_Task objective_
The lines below, from the one containing "Κατά το α’ εξάμηνο" through the one containing "从图2-2的分时成交看,股价", should be set down exactly, with no pictures and nothing else.

-- Data under study follows --

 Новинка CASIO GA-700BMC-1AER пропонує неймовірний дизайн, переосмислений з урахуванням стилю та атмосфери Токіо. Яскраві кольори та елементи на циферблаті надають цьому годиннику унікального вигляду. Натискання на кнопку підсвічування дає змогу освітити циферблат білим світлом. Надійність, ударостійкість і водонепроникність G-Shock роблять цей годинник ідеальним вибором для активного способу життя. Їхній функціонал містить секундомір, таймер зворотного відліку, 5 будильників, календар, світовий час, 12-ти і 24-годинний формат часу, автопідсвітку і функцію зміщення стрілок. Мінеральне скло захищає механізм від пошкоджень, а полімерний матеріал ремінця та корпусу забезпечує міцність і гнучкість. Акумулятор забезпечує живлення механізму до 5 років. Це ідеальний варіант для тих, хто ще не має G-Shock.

-- Data under study concluded --
-- Data under study follows --

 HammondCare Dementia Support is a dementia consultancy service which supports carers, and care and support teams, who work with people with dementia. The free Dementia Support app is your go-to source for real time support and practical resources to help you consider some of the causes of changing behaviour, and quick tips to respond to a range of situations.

-- Data under study concluded --
-- Data under study follows --

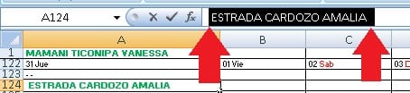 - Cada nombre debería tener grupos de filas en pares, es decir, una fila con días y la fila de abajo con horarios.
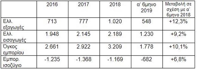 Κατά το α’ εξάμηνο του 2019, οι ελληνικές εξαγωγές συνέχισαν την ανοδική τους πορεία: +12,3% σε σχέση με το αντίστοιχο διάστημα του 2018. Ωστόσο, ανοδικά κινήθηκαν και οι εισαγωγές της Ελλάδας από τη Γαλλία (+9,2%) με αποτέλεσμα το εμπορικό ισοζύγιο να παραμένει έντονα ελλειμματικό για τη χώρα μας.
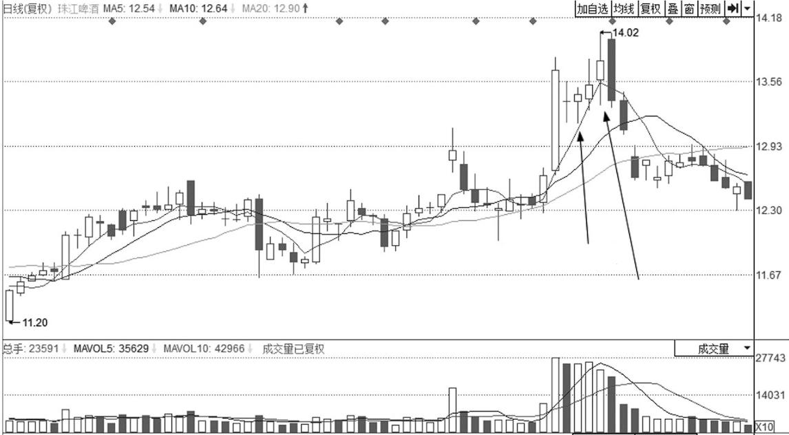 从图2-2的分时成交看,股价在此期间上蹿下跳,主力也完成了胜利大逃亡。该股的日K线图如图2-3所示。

-- Data under study concluded --

_Exercise response_
 Κατά το α’ εξάμηνο του 2019, οι ελληνικές εξαγωγές συνέχισαν την ανοδική τους πορεία: +12,3% σε σχέση με το αντίστοιχο διάστημα του 2018. Ωστόσο, ανοδικά κινήθηκαν και οι εισαγωγές της Ελλάδας από τη Γαλλία (+9,2%) με αποτέλεσμα το εμπορικό ισοζύγιο να παραμένει έντονα ελλειμματικό για τη χώρα μας.
 从图2-2的分时成交看,股价在此期间上蹿下跳,主力也完成了胜利大逃亡。该股的日K线图如图2-3所示。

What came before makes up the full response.